My current work (writing leadership curriculum) means that I spend hours a day reading and writing about, essentially, what it means to be a Christian (the more I learn the more I am convinced that leading really means loving God and loving others, like Jesus said)... and it all always comes back to the reality that I, on my own, am completely and utterly selfish, but that because of Christ's life, death, and resurrection, I am forgiven and that because of that I am called to love and serve others. It's always all about the cross, really... AND, it's all about what He does in me, not what I do.
I was reading again in Devotional Classics this morning and wanted to share with you a little excerpt from a prayer by Lancelot Andrews, a chaplain to Queen Elizabeth (the first) and apologist for King James I. In all of this decision-making, life-direction stuff, this should be my prayer.

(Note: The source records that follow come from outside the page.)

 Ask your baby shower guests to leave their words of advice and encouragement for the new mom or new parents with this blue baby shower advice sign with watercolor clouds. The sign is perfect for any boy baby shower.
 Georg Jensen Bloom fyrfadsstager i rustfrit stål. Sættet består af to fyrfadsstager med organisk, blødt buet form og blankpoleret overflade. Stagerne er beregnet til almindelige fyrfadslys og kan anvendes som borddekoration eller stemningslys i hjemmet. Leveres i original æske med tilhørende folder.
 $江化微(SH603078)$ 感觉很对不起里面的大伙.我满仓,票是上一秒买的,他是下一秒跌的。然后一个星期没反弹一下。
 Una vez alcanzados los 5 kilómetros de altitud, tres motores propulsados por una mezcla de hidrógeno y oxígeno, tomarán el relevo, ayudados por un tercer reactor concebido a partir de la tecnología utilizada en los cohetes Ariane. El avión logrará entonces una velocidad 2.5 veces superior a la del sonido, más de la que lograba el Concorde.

I will lift up my hands into your commandments which I have loved. Open my eyes and I shall see, incline my heart and I shall desire, order my steps and I shall walk in the way of your commandments...
Grant me to worship you and serve you according to your commandments; with truth in my spirit, with reverence in my body, with the blessing upon my lips - bot in private and in public...

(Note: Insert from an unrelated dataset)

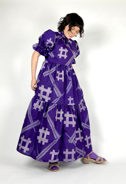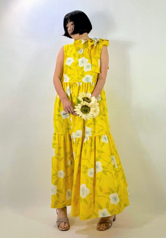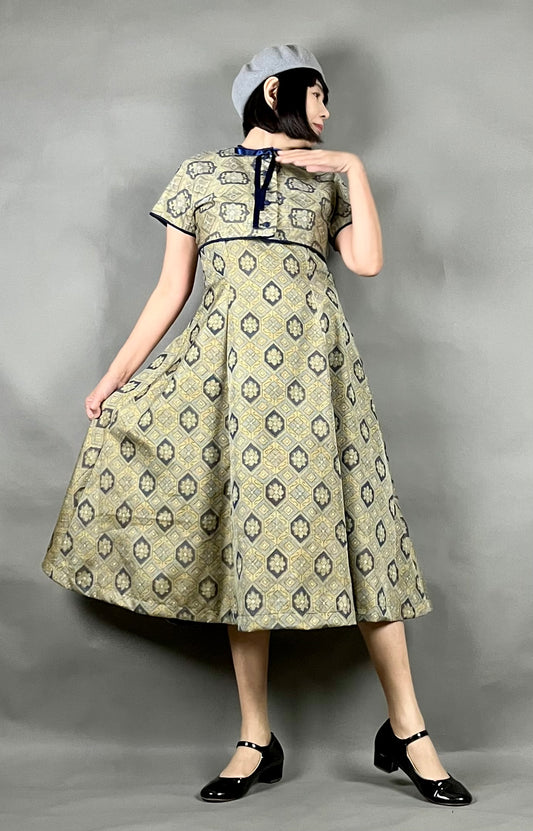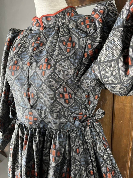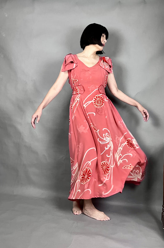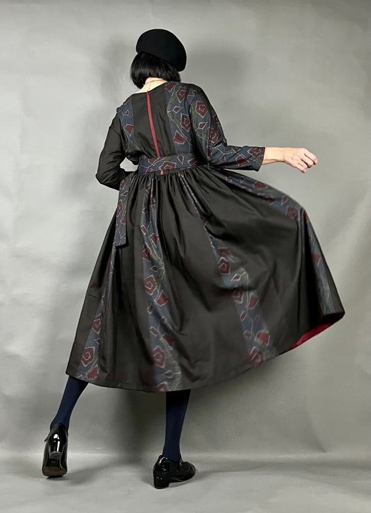 Kinsha Komon Kimono Remake “Antique Kimono Gathered Dress”

Hedge up my way, O Lord, with thorns that I may avoid the false path of vanity. Hold me steady with the bit and the bridle so that I do not pull away from you. O Lord, compel me to come to you...

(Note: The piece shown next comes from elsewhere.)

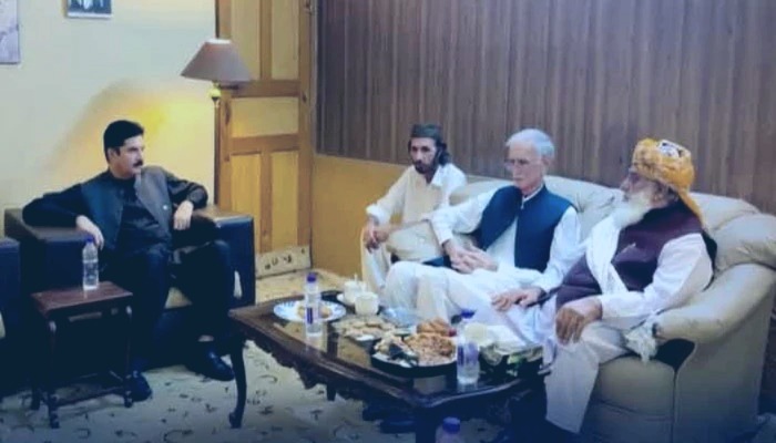 خیبر پختون خواہ (سہ پہر) میں گزشتہ چند دنوں سے خیبر پختون خواہ میں ہوں اس دوران پشاور میں مولانا فضل الرحمٰن کے جمعیت علمائے اسلام (جے یو آئی) ف فاٹا کے زیرِ اہتمام گرینڈ قبائل جرگے میں نے شرکت کی اور گورنر ہاؤس کا بھی دورہ کیا اور کے پی کے میں سیاسی تبدیلیوں کے بارے میں ان سے بات کی۔ جس میں سیاسی تبدیلی کےامکان کا اظہار کیا جا رہا ہے۔ گورنر خیبرپختونخوا فیصل کریم کنڈی نے کہا کہ میں صوبائی حکومت کو آفر کرتا ہوں کہ 11 سنیٹرز میں سے 5 ہمیں دے دیں 6 خود لے لیں، ورنہ 35 آزاد ایم پی ایز ہیں ہم ان سے بات چیت کر کےاپنا جنرل سنیٹر نکالنے کی کوشش کریں گے خیبرپختونخوا کی سیاست میں بڑی تبدیلی کی بازگشت، صوبے کی اپوزیشن جماعتوں کی اہم مشاورت حتمی مرحلے میں داخل ہو گئی ہے۔ گورنر خیبرپختونخوا فیصل کریم کنڈی، وفاقی وزیر امیر مقام، وزیراعظم کے مشیر پرویز خٹک اور جے یو آئی کے سربراہ مولانا فضل الرحمان کے درمیان غیر رسمی ملاقات ہوئی۔یہ ملاقات پرویز خٹک کی رہائش گاہ پر ان کی ہمشیرہ کے انتقال پر تعزیت کے بعد ہوئی، جس میں صوبائی سیاسی صورتحال، ضم شدہ اضلاع کے مسائل اور امن و امان کی صورتحال پر تفصیلی گفتگو کی گئی۔ اپوزیشن قیادت نے آئندہ سینیٹ انتخابات میں مشترکہ حکمت عملی اپنانے اور متحدہ لائحہ عمل کے تحت الیکشن لڑنے کا اصولی فیصلہ کرلیا ہے۔ ملاقات میں ضم شدہ اضلاع میں بدامنی، عوامی تشویش اور وزیراعظم کی جانب سے قائم کمیٹی کے کردار پر بھی تبادلہ خیال کیا گیا۔

Help me to receive faith from his miraculous conception, humility from his lowly birth, patience from his suffering, power to crucify the sin in my life from his Cross, burial of all my evil thoughts in good works from his burial. Grant that I might be able to meditate on hell from his descent, to find newness of life in his resurrection, to set my mind on things above from his ascension, to judge myself in preparation of his returning judgment.